Update 04 July 2020 the Supreme Court will hear appeal in this case in July, as reported by Milbank.

The Court of Appeal in [2020] EWCA Civ 574 Enka Insaat Ve Sanayi AS v OOO “Insurance Company Chubb” & Ors has overturned Baker J in [2019] EWHC 3568 (Comm) Enka Insaat ve Sanayi v OOO “Insurance Company Chubb” et al. which I reviewed here.

The case is mostly about the proper law of the arbitration agreement (Flaux J using the shorthand the ‘AA law’) aka the lex arbitri. Given that this is excluded from Rome I, residual rules apply which of course under English common law has Sulamerica as its main authority. In this case Enka contends that the AA law is English law, and Chubb Russia that it is Russian law. It is common ground that the lex contractus is Russian law, but the route to that conclusion is also in issue.

The dispute in this case raises the question of the relative weight to be given to the curial law (that is, the law of the seat, GAVC) of the arbitration agreement and the main contract law, where they differ, in determining the AA law. At 69:  ‘It is a question on which it would be idle to pretend that the English authorities speak with one voice. It would appear that there are also differences of approach between other jurisdictions in international arbitration generally’.

At 109 Flaux J concludes that parties have impliedly chosen that the proper law of the arbitration agreement should coincide with the curial law and be English law, and further, at 119 that ‘there has been no delay by Enka in this case which provides any good reason for not granting injunctive relief. I would treat this as a classic case, like The Angelic Grace, in which the court should grant an injunction to restrain the further conduct of proceedings brought in breach of an English law arbitration agreement.’
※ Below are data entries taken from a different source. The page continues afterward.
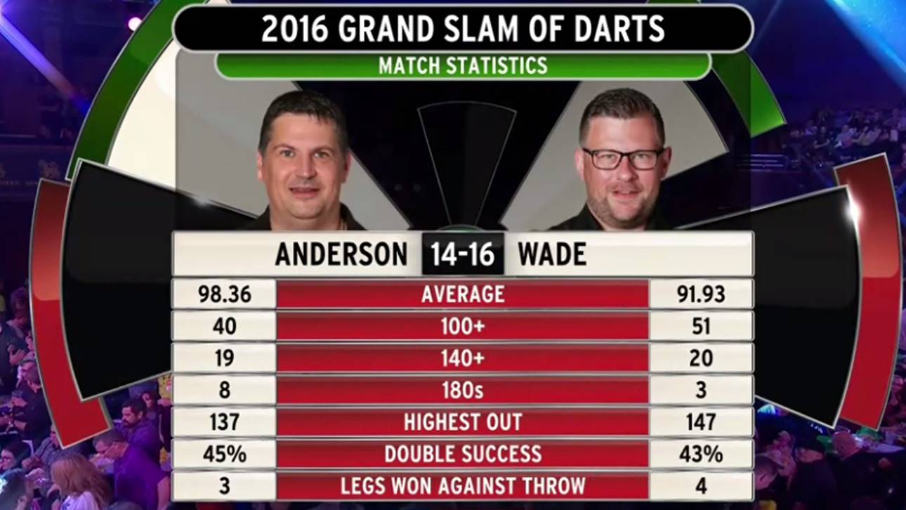Im 20. Leg vergab Anderson eine Breakchance, stattdessen glich Wade wieder aus. In der Folge lieferten sich die beiden Kontrahenten einen Schlagabtausch auf Augenhöhe. Zwischendurch legte Anderson sogar sieben perfekte Darts zum Leggewinn hin. Allerdings hatte Wade immer einen kleinen Vorsprung gegen Ende der Partie.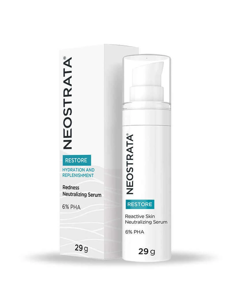¡Calma y revitaliza tu piel con Neostrata Restore Redness Neutralizing Serum 29 g! Ideal para pieles sensibles, reactivas o con rojeces, este sérum ligero y refrescante con BioCalm Complex® (6% PHA: gluconolactona y ácido lactobiónico) hidrata, fortalece la barrera cutánea y reduce irritaciones. Enriquecido con vitamina E y extracto de té blanco, minimiza enrojecimientos, unifica el tono y protege contra el estrés ambiental. Hipoalergénico, sin fragancia ni aceites, aplica 1-2 pulsaciones en rostro limpio, día y noche. ¡Perfecto para una piel suave, calmada y radiante!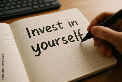 motivational inspirational concept ,open book, handwritten text "Invest in yourself"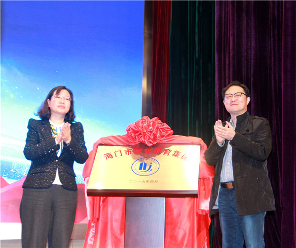 黄静还宣读了《海门市人民政府关于同意成立海门市职业教育集团的批复》,在全场与会人员的见证下,南通市教育局副局长姜学勤与黄静共同为海门市职业教育集团揭牌,全场响起热烈掌声。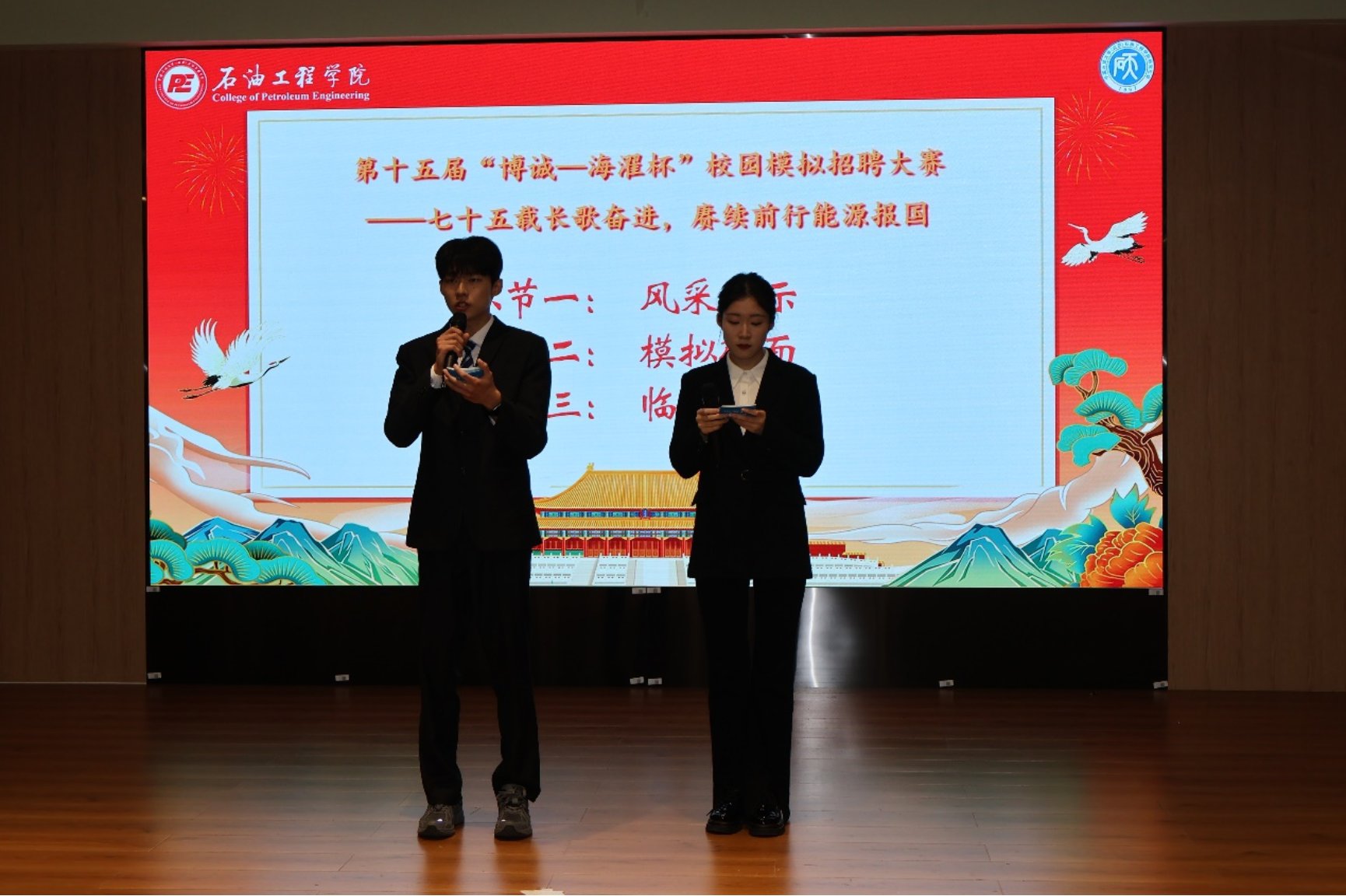 本次大賽以“七十五載長歌奮進,賡續前行能源報國”為主題,由共青團中國石油大學(北京)石油工程學院委員會主辦、石油工程學院研究生會承辦,得到了北京石大博誠科技有限公司和陜西海濯能源有限公司的聯合贊助。北京石大博誠科技有限公司副總經理王小東、總經理助理馮奇、市場部經理黃耀存,陜西海濯能源有限公司程濤,石油工程學院輔導員李杰受邀參加本次決賽并擔任評委,來自不同學院、年級的9位優秀選手闖入決賽同臺競技,為現場110余位觀賽同學帶來了一場求職盛宴。

Anti-suit therefore granted.

For those interested in choice of law in arbitration, the judgment is required reading.  None of the Rome I (let alone Brussels Ia) issues discussed at the High Court are further discussed here, hence for the purposes of this blog I shall leave the analysis here.

Geert.

(Handbook of) EU private international law, 2nd ed. 2016, Chapter 2, Heading 2.2.1.